__About this exercise__
Using the line that has "堅持客戶口碑第一:業主喜送感謝信" as the starting point, print each line to the end of the material below word for word. Add no other lines.

__Records for the exercise__
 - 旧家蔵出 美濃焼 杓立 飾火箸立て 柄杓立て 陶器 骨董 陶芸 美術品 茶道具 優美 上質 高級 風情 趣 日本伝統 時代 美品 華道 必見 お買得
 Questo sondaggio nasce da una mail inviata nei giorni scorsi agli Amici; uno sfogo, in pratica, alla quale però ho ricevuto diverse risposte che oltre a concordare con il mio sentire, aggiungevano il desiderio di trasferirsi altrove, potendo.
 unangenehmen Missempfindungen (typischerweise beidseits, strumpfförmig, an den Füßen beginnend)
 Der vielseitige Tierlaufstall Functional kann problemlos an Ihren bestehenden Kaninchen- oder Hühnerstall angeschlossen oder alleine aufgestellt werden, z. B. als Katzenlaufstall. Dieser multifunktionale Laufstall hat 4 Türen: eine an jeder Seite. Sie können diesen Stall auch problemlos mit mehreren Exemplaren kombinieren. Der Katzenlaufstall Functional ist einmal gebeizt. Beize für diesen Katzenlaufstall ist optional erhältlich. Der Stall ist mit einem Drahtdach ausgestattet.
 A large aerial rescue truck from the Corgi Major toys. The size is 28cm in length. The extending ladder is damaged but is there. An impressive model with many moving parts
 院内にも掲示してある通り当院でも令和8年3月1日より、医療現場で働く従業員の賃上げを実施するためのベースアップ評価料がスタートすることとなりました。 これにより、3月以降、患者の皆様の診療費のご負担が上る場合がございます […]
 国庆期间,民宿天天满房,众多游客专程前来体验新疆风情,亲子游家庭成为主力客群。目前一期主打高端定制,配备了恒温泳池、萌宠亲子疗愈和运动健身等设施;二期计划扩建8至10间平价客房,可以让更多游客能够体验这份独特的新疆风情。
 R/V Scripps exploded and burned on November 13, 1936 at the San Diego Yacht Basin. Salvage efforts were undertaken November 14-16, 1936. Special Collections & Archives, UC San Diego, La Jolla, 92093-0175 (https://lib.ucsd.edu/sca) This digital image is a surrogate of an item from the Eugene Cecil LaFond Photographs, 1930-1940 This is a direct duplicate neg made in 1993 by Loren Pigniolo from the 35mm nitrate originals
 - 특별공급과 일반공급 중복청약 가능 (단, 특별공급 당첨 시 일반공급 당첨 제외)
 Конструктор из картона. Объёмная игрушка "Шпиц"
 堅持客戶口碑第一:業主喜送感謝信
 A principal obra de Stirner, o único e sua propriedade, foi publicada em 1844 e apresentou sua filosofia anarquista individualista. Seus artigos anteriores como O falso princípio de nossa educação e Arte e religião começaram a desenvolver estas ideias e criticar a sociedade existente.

__Reply__
 堅持客戶口碑第一:業主喜送感謝信
 A principal obra de Stirner, o único e sua propriedade, foi publicada em 1844 e apresentou sua filosofia anarquista individualista. Seus artigos anteriores como O falso princípio de nossa educação e Arte e religião começaram a desenvolver estas ideias e criticar a sociedade existente.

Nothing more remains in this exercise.